FindBall NXTTristan from Tris10.com (yeah, very clever domain name!) sent me a FindBall NXT and EmitIR to play with and write a ROBOTC driver for.

The FindBall NXT

The FindBall NXT is a sensor specifically made to locate a 40KHz modulated IR signal, as used by the RoboCup Junior balls.  Tris10 claim that it is currently the best sensor for this purpose on the market.  It has high resistance to interference such as other IR sources, bright sunlight and other lights.  It has uses 5 internal IR sensors and an onboard processor to filter the data and make it available over I2C to the NXT or EV3.  It has the ability to lock onto an IR ball’s signature, allowing you to track it.

The datasheet reveals that it has a number of registers available for reading.  You can read it like a normal Ultrasound sensor and get the sensor number which is currently receiving the strongest signal.  This will give you a sense of direction of the source of the signal.  You can also query all of the signal strengths individually, allowing you to do whatever other processing you’d like to do.

I took mine apart, which in retrospect I probably shouldn’t have.  Here are some pictures of its guts!

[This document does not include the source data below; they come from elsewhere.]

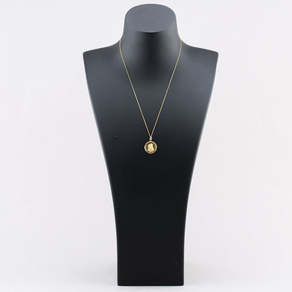 9ct Yellow Gold St Christopher Pendant & 18 Inch Curb Chain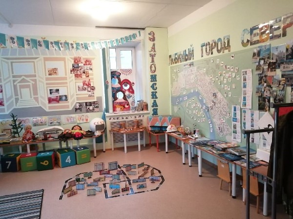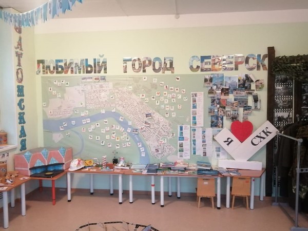 В обществе наблюдается «дефицит нравственности». Многие психологи и педагоги говорят о том, что процесс воспитания патриотизма необходимо начинать в дошкольном возрасте. В этот период происходит формирование духовно-нравственной основы ребенка, эмоций, чувств, мышления, механизмов социальной адаптации в обществе, начинается процесс осознания себя окружающем мире. Данный отрезок жизни ребенка является наиболее благоприятным для эмоционально-психологического воздействия, так как его образы восприятия очень ярки и сильны и поэтому они остаются в памяти надолго, а иногда и на всю жизнь. Любовь к Отечеству начинается с любви к малой Родине с любви к своему городу. В этой связи огромное значение имеет ознакомление дошкольников с историческим, культурным, географическим промышленным своеобразием родного города. Знакомясь с родным городом, его достопримечательностями, его историей, ребёнок учится осознавать себя живущим в определенный временной период, в определенных этнокультурных условиях и то же время приобщаться к богатствам национальной и мировой культуры. В музее представлены макеты архитектуры Северска, образцы ЗАТОмской росписи, книги и картины о родном городе. Особый интерес у детей вызывает карта Северска, на которой можно не только найти свой дом но и разместить картинки с растениями и животными нашего города. В ходе изучения родного города ребята нарисовали рыб, которые водятся в реке Томь, красно книжные растения, произрастающие на территории города, а так же птиц, насекомых и животных. В планах нарисовать памятники архитектуры города Северска.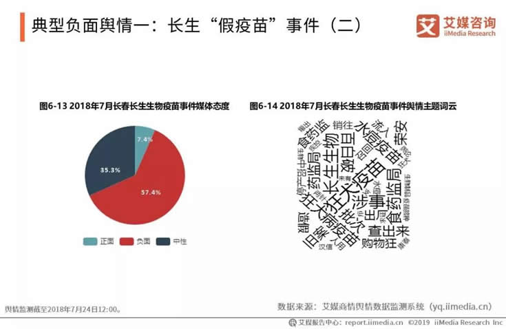 自2018年7月15日事件爆發(fā)一周內(nèi),圍繞“狂犬疫苗”“長(zhǎng)生生物”等為主題詞,輿論開始不斷發(fā)酵。媒體輿論整體倒向負(fù)面,所占比例超過(guò)一般,而正面輿論僅有7.4%,其內(nèi)容多支持政府及時(shí)治理。

FindBall NXT FindBall NXTFindBall NXT

FindBall NXTFindBall NXTFindBall NXT

The trouble with me having opened it, is that I have IR light bleeding in between the lid and the body.  Normally these are shipped with the lid firmly and securely glued to the body but because I asked for mine to be removable, they only used a tiny bit of glue.  If I fix it properly, I won’t be able to show off its guts to anyone again.  It’s a bit of a toss-up!  Testing the sensor proved to be quite a challenge because of the light bleeding in.  I solved it by covering the EmitIR with some electrical tape, thereby reducing its output by a couple of order of magnitude.  After that, the sensor worked very nicely and I was able to write a driver and two test programs for it.  You can find them in the Github repository: [LINK].  More info on how to fetch the files from there, check out my article here: [LINK].

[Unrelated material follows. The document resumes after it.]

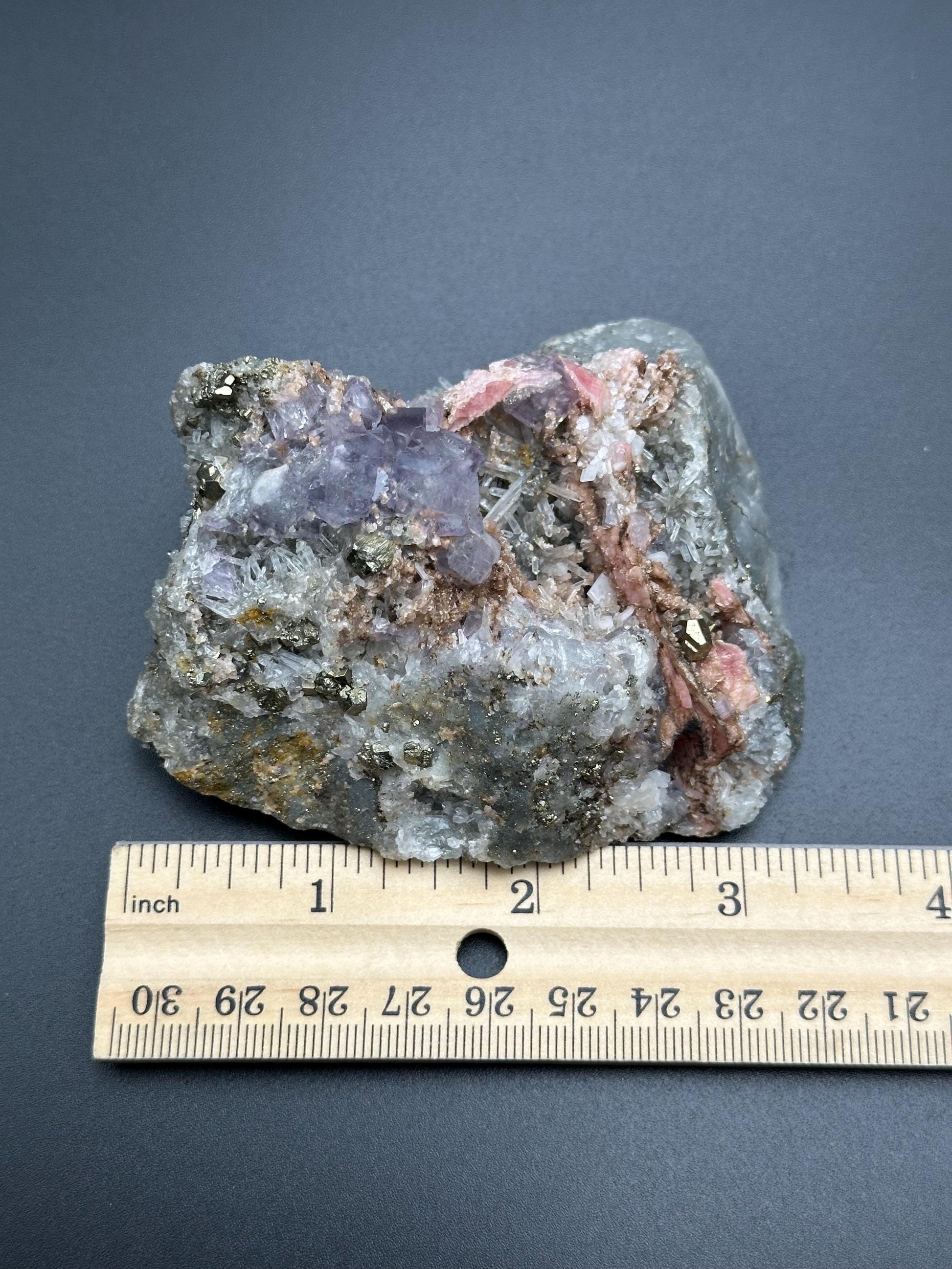 Stunning Rhodochrosite with Pyrite, Quartz, and Fluorite on from the Wutong Mine, Guangxi, China. UV Reactive.

The only bad thing I could think of about this sensor was the fact that they’re using an even-sized mounting grid.  Studless Technic uses an odd-sized mounting grid, so that will make centering it a bit more challenging, but certainly not impossible.  I really like the bright red colour and the case is quite smooth and well finished for a 3D printed product.  The 3 pins should provide more than enough force to keep the sensor attached to your robot, even in case of a collision.

The EmitIR

EmitIRThe EmitIR is a great little device if you need a low cost 40KHz IR signal for testing your tracking with.  It emits the same kind of signal as a RoboCup Junior soccer ball and can be powered with a USB cable.  The EmitIR is shipped with a 6 pin header, which you can solder on, if you chose to.  That would allow you to power it with an external power supply, like a battery, instead of USB.  Using pins 2 and 3 in various configurations, you can switch modes or reduce the signal strength to test long range detection.  You can find out more about those modes here: [LINK].

The EmitIR is also shipped with a red protective sheath, into which the PCB fits very snugly.  It is great to see that even smaller companies can now make good looking cases for their sensors without having to invest in $15-20K plastic molds.